Material shown ::
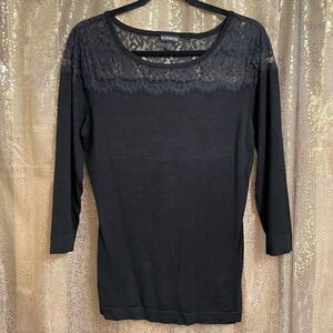 Express Black Lace Yoke Shoulder 3/4 Sleeve Sweater, Large
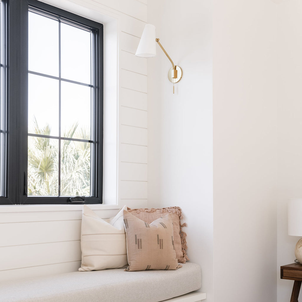 Our Hudson Valley Lighting Patten family brings together a visually appealing conical shade, square brass arms, and customizable versatility by way of swivels. The swivel just behind each shade allows you to move them right or left, as well as either tighten the focus of the light or beam it farther out. Clean lines and mid-century appeal combine with versatility to make Patten a useful delight.Fixture may only be installed as shown in picture
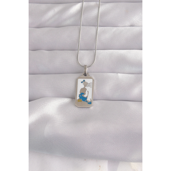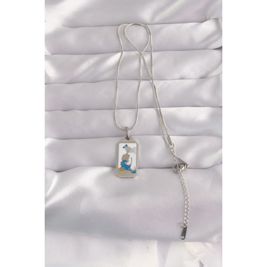 Mey İthalat® 316L Çelik Gümüş Renk Beyaz Mineli Kız Figür Tarot Kolye
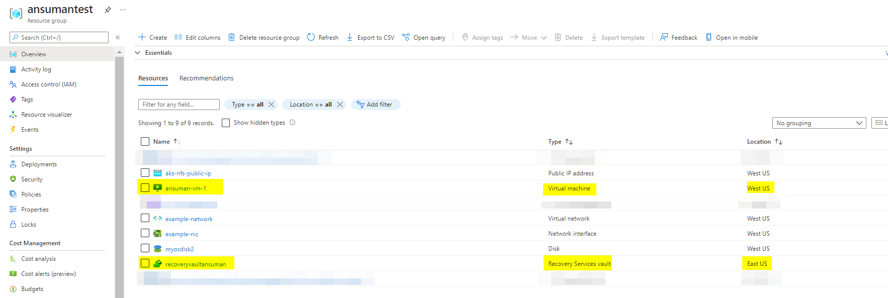 要解决这个问题,您必须对所有资源使用与恢复服务库相同的位置,例如,在我的示例中,与资源组(East US)相同
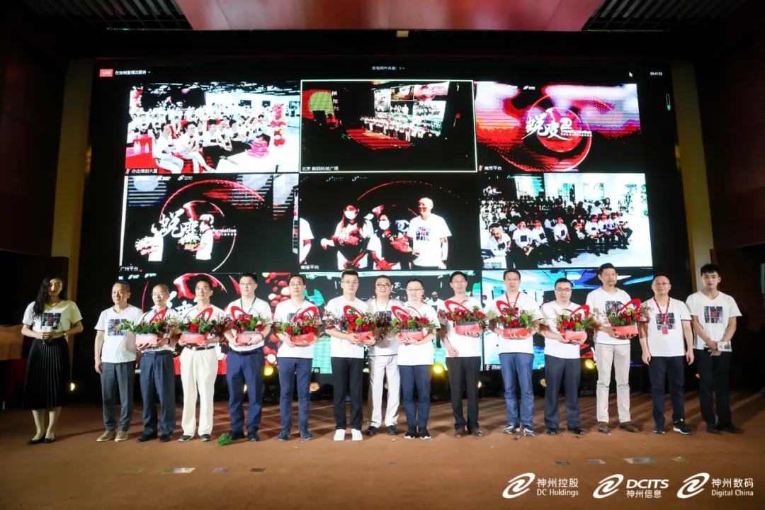 在二十年员工授勋环节,神州控股董事局副主席林杨、神州信息总裁李鸿春、ballbet贝博集团常务副总裁叶海强及其他分会场高管,分别为主会场及分会场20年员工代表授勋。
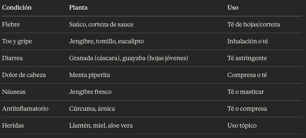 PLANTAS MEDICINALES PARA CONDICIONES COMUNES
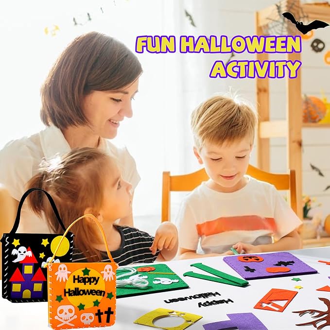 Flying Childhood Sew Your Own Bags - Kids Sewing Kit - Felt Crafts for Kids - Make 6 Felt Trick or Treat Bags - Birthday Gifts for Girls
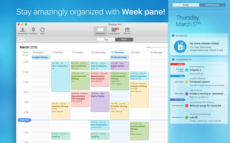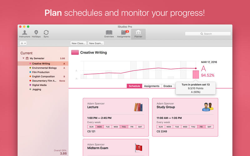 允许你管理你所有的功课和作业:提供日期,课程和优先排序,设置截止日期,并跟踪您的完成qing'kuang情况。
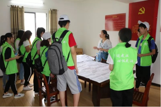 71日上午八点半,“新青年下乡”服务队从学校集合出发,前往目的地蔡甸区成功管委会镇宁堡村。经过一个多小时的车程,队伍到达镇宁堡村,新青年们在刘静老师的带领下来到镇宁堡村村委会。下车之后,大家提前做好准备工作,和村委干部沟通,新青年小分队针对事先准备好的问题向村干部提出疑问,了解并记录该村的历史文化、人口面积等信息。
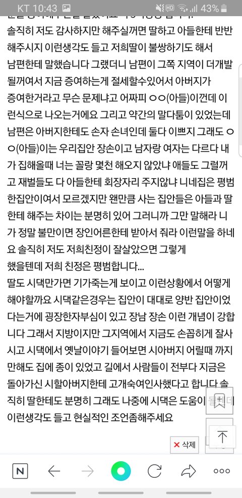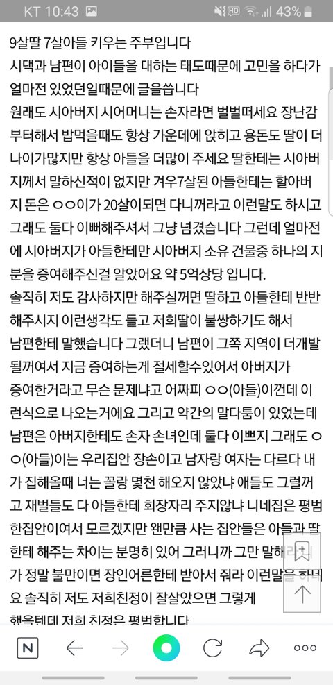 남편은 아들이 나중에 공부를 잘하기를 원하지도 않아요 중학교때쯤 유학보내고 거기서 대학교나와서 다시 들어오면 취업은 시아버지가 시켜주실거고 거기서 경험 쌓고 자기회사 물려받으면 된다는 생각이에요 현실적으로 아들을 시댁에 안보낼수가없어요 아들은 시댁 가는걸 엄청 좋아해서 자기혼자라도 갈꺼라고 할거같고 딸을 안보낸다고하면 그러라고 할꺼같아요 딸은 안가면 나중에 더도움을 못받을꺼라는 생각이들고 남편도 자기재산 전부 아들한테 주고 시아버지가 언니나 아가씨한테 한거처럼 결혼할때 딸한테는 집만 사줄거라고 하고 이것도작은건 아니긴한데 뭐가 맞는건지를 모르겠어요 남편은 이게 당연한거라고 생각해요 딸도 자기자식이니까 사랑은 하지만
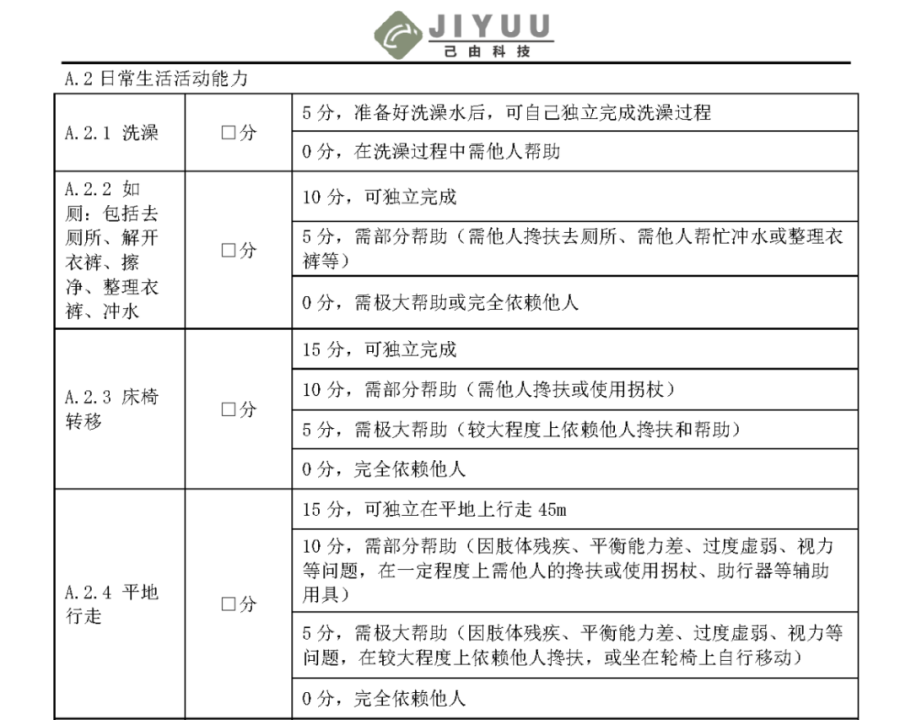 因此,Mia会和客户一起填写一份问卷,洗澡、如厕、从床上移动到轮椅、平地行走等都有从0分到15分的评分标准,通过一问一答的形式,尽量覆盖到老人生活的方方面面。
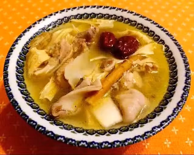 豬肚半個;老雞半隻;沙骨300克;黨參三條;北芪(或黃芪)數片;玉竹適量;枸杞適量;紅棗五、六粒;桂圓四、五粒;白鬍椒一把;薑片數片;白果適量;腐竹三,四條;淮山三、四片

Assignment ::
Extract, character for character, every line from the one that holds "在二十年员工授勋环节,神州控" through the end of the entries above. Include both boundary lines and no pictures.

Response ::
 在二十年员工授勋环节,神州控股董事局副主席林杨、神州信息总裁李鸿春、ballbet贝博集团常务副总裁叶海强及其他分会场高管,分别为主会场及分会场20年员工代表授勋。
 PLANTAS MEDICINALES PARA CONDICIONES COMUNES
 Flying Childhood Sew Your Own Bags - Kids Sewing Kit - Felt Crafts for Kids - Make 6 Felt Trick or Treat Bags - Birthday Gifts for Girls
 允许你管理你所有的功课和作业:提供日期,课程和优先排序,设置截止日期,并跟踪您的完成qing'kuang情况。
 71日上午八点半,“新青年下乡”服务队从学校集合出发,前往目的地蔡甸区成功管委会镇宁堡村。经过一个多小时的车程,队伍到达镇宁堡村,新青年们在刘静老师的带领下来到镇宁堡村村委会。下车之后,大家提前做好准备工作,和村委干部沟通,新青年小分队针对事先准备好的问题向村干部提出疑问,了解并记录该村的历史文化、人口面积等信息。
 남편은 아들이 나중에 공부를 잘하기를 원하지도 않아요 중학교때쯤 유학보내고 거기서 대학교나와서 다시 들어오면 취업은 시아버지가 시켜주실거고 거기서 경험 쌓고 자기회사 물려받으면 된다는 생각이에요 현실적으로 아들을 시댁에 안보낼수가없어요 아들은 시댁 가는걸 엄청 좋아해서 자기혼자라도 갈꺼라고 할거같고 딸을 안보낸다고하면 그러라고 할꺼같아요 딸은 안가면 나중에 더도움을 못받을꺼라는 생각이들고 남편도 자기재산 전부 아들한테 주고 시아버지가 언니나 아가씨한테 한거처럼 결혼할때 딸한테는 집만 사줄거라고 하고 이것도작은건 아니긴한데 뭐가 맞는건지를 모르겠어요 남편은 이게 당연한거라고 생각해요 딸도 자기자식이니까 사랑은 하지만
 因此,Mia会和客户一起填写一份问卷,洗澡、如厕、从床上移动到轮椅、平地行走等都有从0分到15分的评分标准,通过一问一答的形式,尽量覆盖到老人生活的方方面面。
 豬肚半個;老雞半隻;沙骨300克;黨參三條;北芪(或黃芪)數片;玉竹適量;枸杞適量;紅棗五、六粒;桂圓四、五粒;白鬍椒一把;薑片數片;白果適量;腐竹三,四條;淮山三、四片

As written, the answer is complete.